Sunday I went to early Mass and then studied like a madwoman all day. Why is it, I wonder, that I study best on Sundays? It seems kind of backward, with the whole day-of-rest thing.

Monday I had three finals. That took up the whole day. (I went to Mass at 4:45, though.) Then the whole evening was taken up by having long serious conversations with Scott.

Tuesday I basically slept all day. Then I went to afternoon Mass again. Then I watched an old episode of NCIS (I have some serious catching up to do before next Tuesday; the one I watched was not the one that aired that day but rather one from January 6.) while I waited for Scott to get back from going to Mass with his family. Then we had more long serious conversations.

Wednesday I went to the early-morning Mass and then packed. Mom showed up around 1:00. We teased each other mercilessly (mother-daughter luv right there) while packing and loading. Then Morgan and I cleaned our room very thoroughly.

The three of us chatted a bit on the way home. At one point I was talking about how Scott is looking at degree programs at Local State School, and Mom says, "When I was going to Local State School..." She actually had a lot of interesting information to offer, but afterwards I said, "You know, Mom, it's kind of creepy that you've been to every school in the area." (She also went to a more northern branch of Local Community College, which Scott is currently attending.)

We got home, LP went crazy, Kitty tackled me, etc. Emily's dad came to pick up Morgan. (Don't ask. It's easier if you just pretend the three of us are all cousins or something; that's basically what we act like.) I called Scott to let him know that I got back safe and after I'd talked to the answering machine for a second he picked up and answered in, I think, Esperanto. Yes, my boyfriend is very weird. I love him. :)

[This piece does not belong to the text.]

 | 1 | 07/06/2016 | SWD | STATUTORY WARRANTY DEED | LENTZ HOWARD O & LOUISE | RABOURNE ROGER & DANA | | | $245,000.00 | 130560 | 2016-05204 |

Scott and I went from talking about our days to more serious topics (cont. from Monday and Tuesday) and I started talking really fast (it's hard to keep up with my brain; I tend to start tripping over my words after a few sentences of thinking-and-talking) and Scott can't listen that fast so we switched over to Skype and had a very brief serious conversation because Mom was sending me off to bed at that point.

At 6:00 a.m. LP came into my room ("Megan! Megan! Megan!") and climbed in my bed and was very sweet. Since then I've mostly been chasing her. Now I must finish up so I can get off the computer and chase her more if needed.

Monday, May 4, 2009

I'm about 85% melancholic. No further comment.

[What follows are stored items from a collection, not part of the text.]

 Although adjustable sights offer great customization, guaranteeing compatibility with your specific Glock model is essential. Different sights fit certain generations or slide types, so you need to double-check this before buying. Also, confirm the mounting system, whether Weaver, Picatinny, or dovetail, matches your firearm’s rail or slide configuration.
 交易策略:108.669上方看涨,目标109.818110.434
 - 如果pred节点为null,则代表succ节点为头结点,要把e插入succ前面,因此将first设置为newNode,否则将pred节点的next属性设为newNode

Be aware that your melancholic spouse may not always readily reveal all that is truly on his mind (especially if he is attempting to subdue some of his overly critical talk). Instead, he may store up the things that are bothering him until he finally has what we call the "melancholic dump." The melancholic dump is when all that is wrong in the world and with your relationship must be discussed at this very moment. Issues build up inside the introverted melancholic until it is no longer possible to remain silent. It can be painful for all parties.



From The Temperament God Gave You, by Art and Laraine Bennett



(Okay, one further comment: Scott is a sweetheart. And endlessly patient.)

Friday, May 1, 2009

I'm Spoiled

Scott has recently been waking up in the mornings. Yes, on about the third day in a row I fell over dead from astonishment. But I'm alive again now. I kind of like being able to talk to him when my brain is active. (Peak activity occurs around 10 a.m.) Usually we do most of our talking after dinner when he's starting to get chipper and my ability to speak coherently is already unraveling.

Evidence of how quickly I've gotten accustomed to this cataclysmic shift in routine: Just a moment ago I was sitting at my computer studying for a final and thinking, "Why are you not awake yet? I'm lonely."

Maybe this is God's way of telling me I should be focusing more exclusively on the whole studying thing.